Information provided:
*** Begin section ***

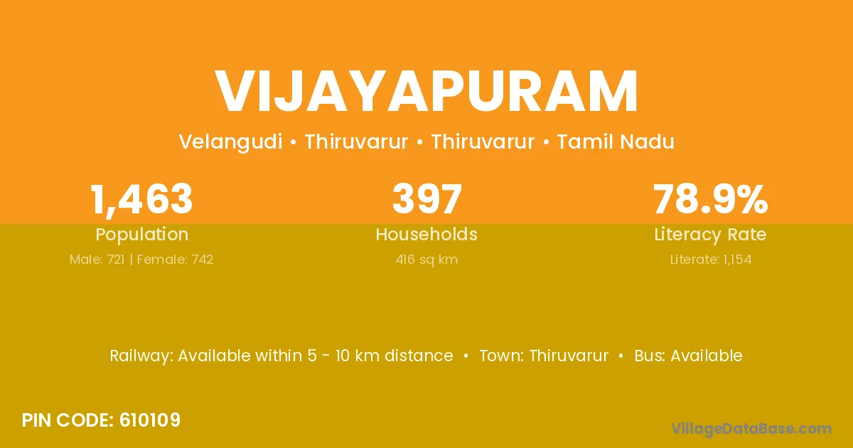 Vijayapuram village has a total population of 2,153 people, of which 1,046 are males and 1,107 are females.
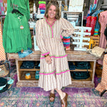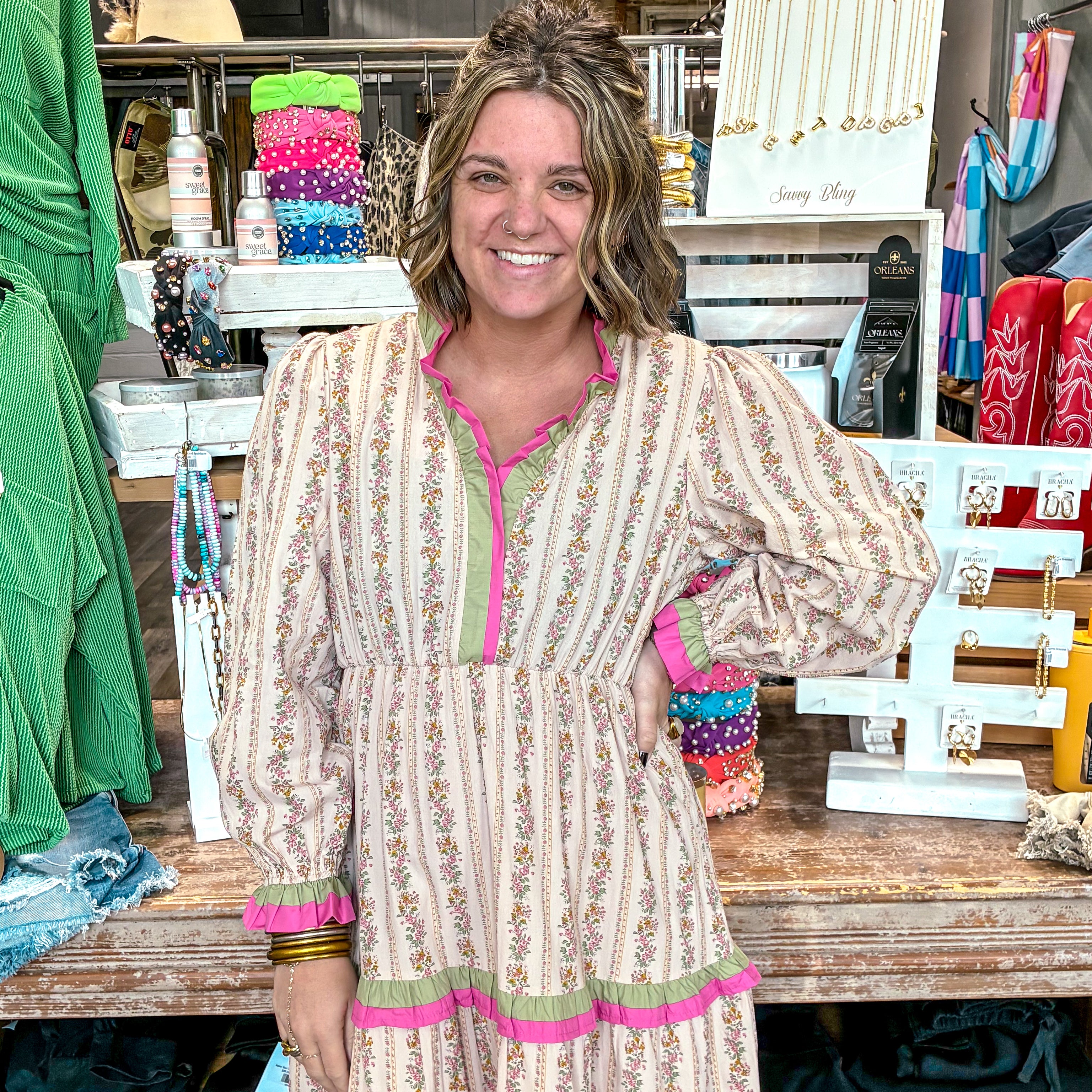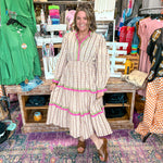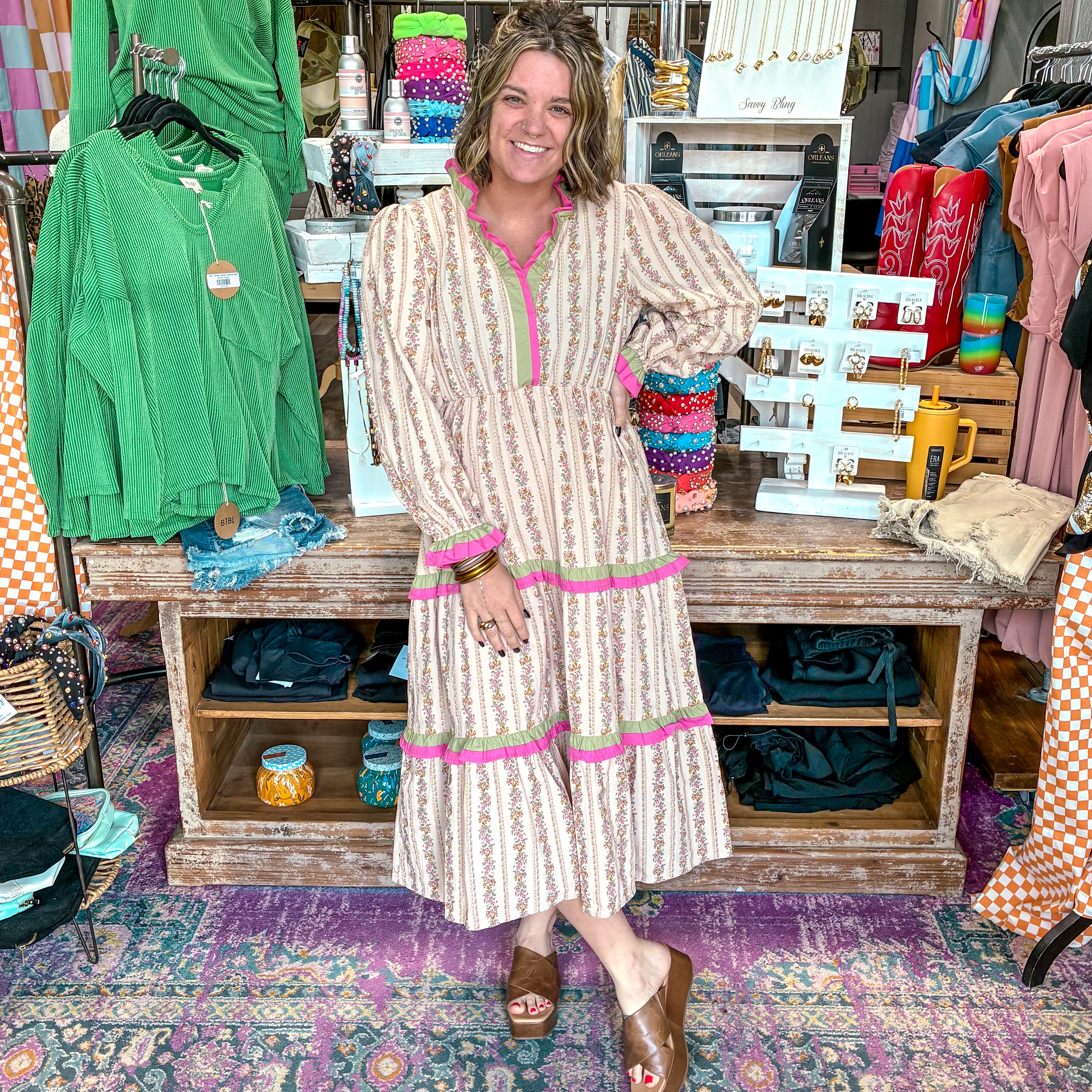 This Meadow Ruffle Midi Dress features a delicate floral stripe print that beautifully blends classic and contemporary styles. Designed with elegant ruffle edge details, it adds a subtle touch of femininity and movement. The midi length offers versatile wearability, perfect for both casual and dressier occasions, making it a refined addition to your wardrobe.
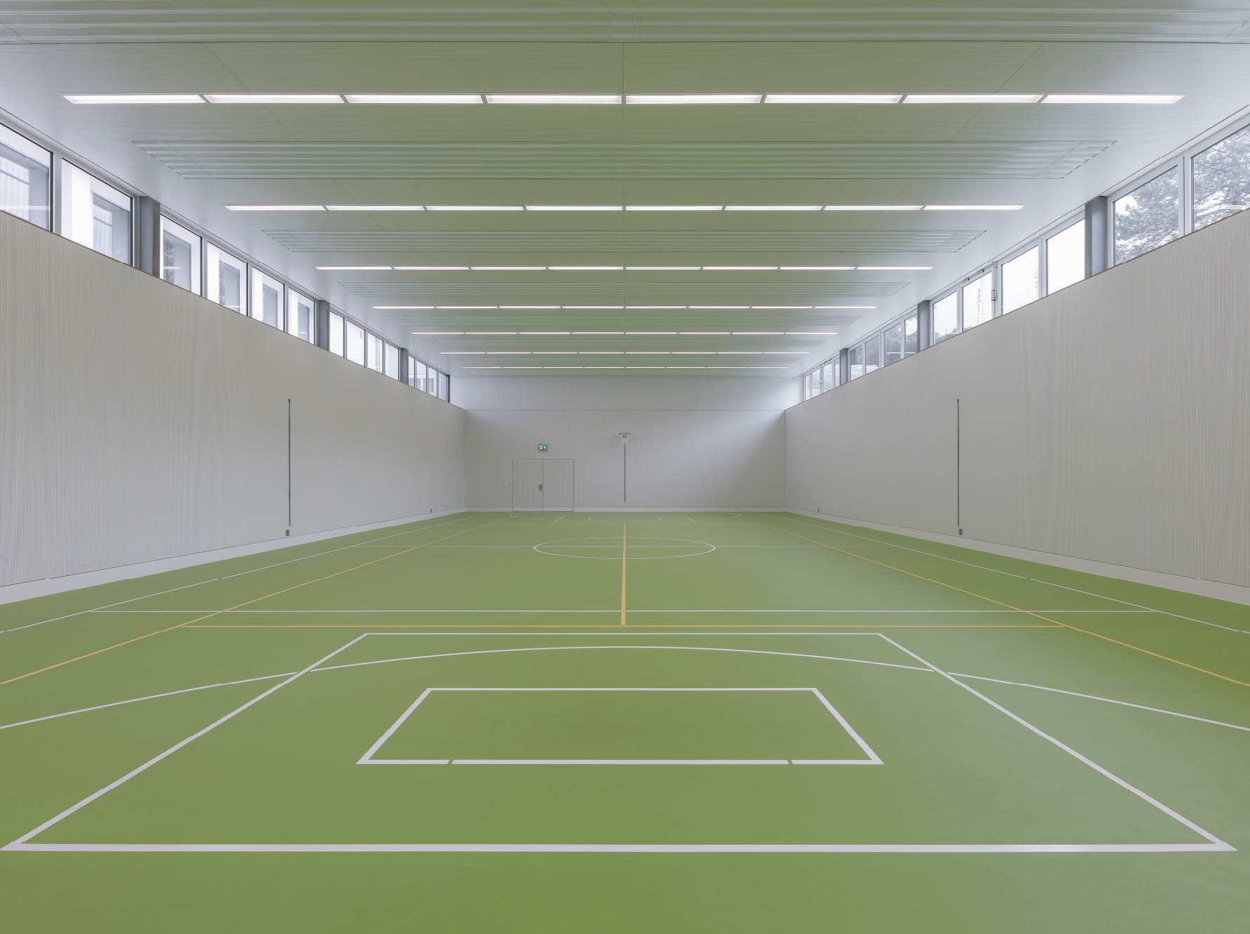 Pour le chauffage des deux salles de loisir, le maître d’ouvrage et l’architecte ont opté pour des panneaux rayonnants de plafond Zehnder. «Avec ce système de chauffage façade, la salle ne comporte aucun radiateur (facteur de risque de blessure). Nous avons également misé sur la flexibilité dans la répartition spatiale, avec par exemple des systèmes de rideaux ou le montage de parois intermédiaires», explique l’architecte Schönbächler.

*** End section ***

What you have to do: For this exercise, write the listing out again exactly, excluding all images.

Response to this task:
 Vijayapuram village has a total population of 2,153 people, of which 1,046 are males and 1,107 are females.
 This Meadow Ruffle Midi Dress features a delicate floral stripe print that beautifully blends classic and contemporary styles. Designed with elegant ruffle edge details, it adds a subtle touch of femininity and movement. The midi length offers versatile wearability, perfect for both casual and dressier occasions, making it a refined addition to your wardrobe.
 Pour le chauffage des deux salles de loisir, le maître d’ouvrage et l’architecte ont opté pour des panneaux rayonnants de plafond Zehnder. «Avec ce système de chauffage façade, la salle ne comporte aucun radiateur (facteur de risque de blessure). Nous avons également misé sur la flexibilité dans la répartition spatiale, avec par exemple des systèmes de rideaux ou le montage de parois intermédiaires», explique l’architecte Schönbächler.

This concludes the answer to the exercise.